Tested on real-world forms

The deterministic core (build / fill / flatten / read_fields) is validated against 125 real public PDF forms - IRS and other government forms (VA, OPM, GSA), CMS / Medicare and hospital healthcare forms, federal- and state-court legal forms, and SBA / USPTO / vendor business forms. It reads every one of them, and fills, flattens, and round-trips every fillable one (over 11,000 real fields) without a single crash. Every field type renders correctly in Chrome's pdfium and Firefox's pdf.js, golden-image tested in CI.

The detect() layer below is separate and clearly labeled best-effort.


Install

pip install acroforge

Or from source:

git clone https://github.com/san64777/acroforge
cd acroforge
pip install -e .   # or: uv pip install -e .

Python usage

import io
from reportlab.pdfgen import canvas  # any PDF source works
import acroforge as af
from acroforge import FieldSpec, FieldType

# --- Step 0: obtain a flat PDF (bytes) any way you like ---
buf = io.BytesIO()
c = canvas.Canvas(buf, pagesize=(612, 792))
c.drawString(72, 720, "Name:")
c.drawString(72, 680, "Agree to terms:")
c.save()
flat_pdf: bytes = buf.getvalue()

# --- Step 1: describe the fields you want ---
fields = [
    FieldSpec(
        type=FieldType.TEXT,
        page=0,
        rect=(200, 700, 450, 730),  # (x0, y0, x1, y1) in PDF points
        name="full_name",
    ),
    FieldSpec(
        type=FieldType.CHECKBOX,
        page=0,
        rect=(200, 660, 220, 680),
        name="agree",
        export_value="Yes",
    ),
]

# --- Step 2: inject the fields ---
fillable: bytes = af.build(flat_pdf, fields)

# --- Step 3: fill values ---
filled: bytes = af.fill(fillable, {"full_name": "Jane Doe", "agree": True})

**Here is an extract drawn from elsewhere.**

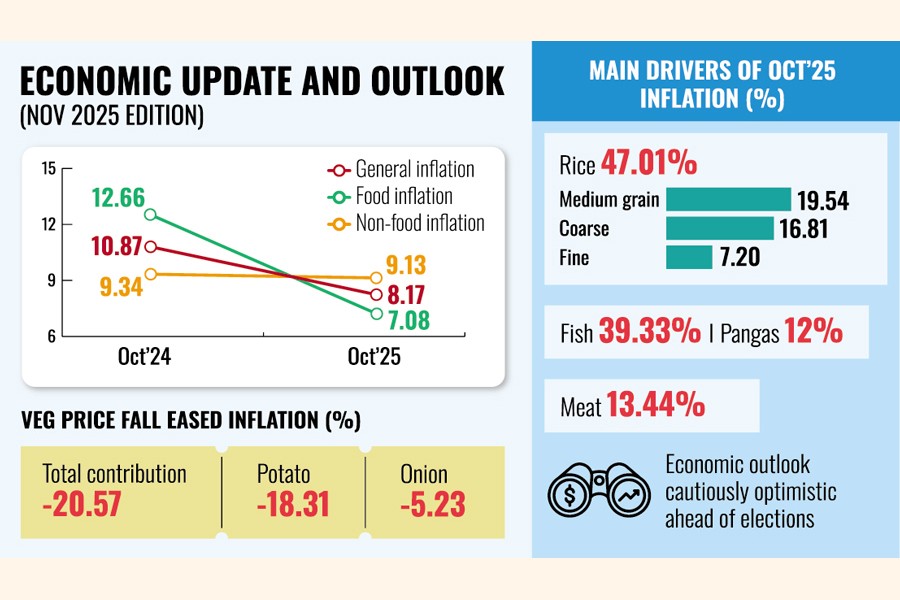 Rice, fish, and meat remained the dominant drivers of food inflation in October, accounting for 99.78 per cent of the total, while a continued decline in vegetable prices helped temper overall price pressures, according to the General Economics Division (GED) of the Planning Commission.

# --- Step 4: flatten (optional - locks the form) ---
final: bytes = af.flatten(filled)

# Write to disk
with open("output.pdf", "wb") as f:
    f.write(final)

CLI usage

# 1. Inject fields described in a JSON manifest
acroforge build in.pdf manifest.json fillable.pdf

# 2. Fill fields from a JSON object {name: value}
acroforge fill fillable.pdf data.json filled.pdf

# 3. Flatten (bake and lock)
acroforge flatten filled.pdf final.pdf

Example manifest.json:

[
  {
    "type": "text",
    "page": 0,
    "rect": [200, 700, 450, 730],
    "name": "full_name"
  },
  {
    "type": "checkbox",
    "page": 0,
    "rect": [200, 660, 220, 680],
    "name": "agree",
    "export_value": "Yes"
  },
  {
    "type": "radio",
    "page": 0,
    "rect": [200, 620, 220, 640],
    "name": "plan",
    "options": ["basic", "pro", "enterprise"],
    "export_value": "pro"
  }
]

Example data.json:

{"full_name": "Jane Doe", "agree": true, "plan": "pro"}

Field types

Type FieldType Notes
Single-line text FieldType.TEXT Optional maxlen to cap character count
Multi-cell comb FieldType.COMB maxlen sets the number of cells (e.g. SSN = 9)
Checkbox FieldType.CHECKBOX export_value is the on-state value (default "Yes")
Radio button FieldType.RADIO One FieldSpec per button; share name, set export_value per button
Signature FieldType.SIGNATURE Placeholder widget - renders a blank sig box
Dropdown / list box FieldType.CHOICE options lists the choices; list_box, multi_select, editable flags (see note)

FieldSpec reference

class FieldSpec(BaseModel):
    type: FieldType
    page: int                                    # 0-indexed
    rect: tuple[float, float, float, float]      # (x0, y0, x1, y1) in PDF points
    name: str                                    # AcroForm field name
    options: list[str] | list[tuple[str, str]] | None = None  # choice options (str or (export, label))
    maxlen: int | None = None                    # TEXT cap / COMB cell count
    export_value: str | None = None              # radio/checkbox on-value
    list_box: bool = False                       # CHOICE: False=dropdown, True=list box
    multi_select: bool = False                   # CHOICE list box: allow multiple selections
    editable: bool = False                       # CHOICE combo: accept free-typed text
    confidence: float = 1.0                      # 1.0 = explicit; <1.0 = best-effort guess

Dropdowns and list boxes (FieldType.CHOICE)

# dropdown (combo box)
FieldSpec(type=FieldType.CHOICE, page=0, rect=(200, 620, 360, 640),
          name="state", options=["CA", "NY", "TX"])

# (export, label) pairs: store "CA", display "California"
FieldSpec(type=FieldType.CHOICE, page=0, rect=(200, 580, 360, 600),
          name="st", options=[("CA", "California"), ("NY", "New York")])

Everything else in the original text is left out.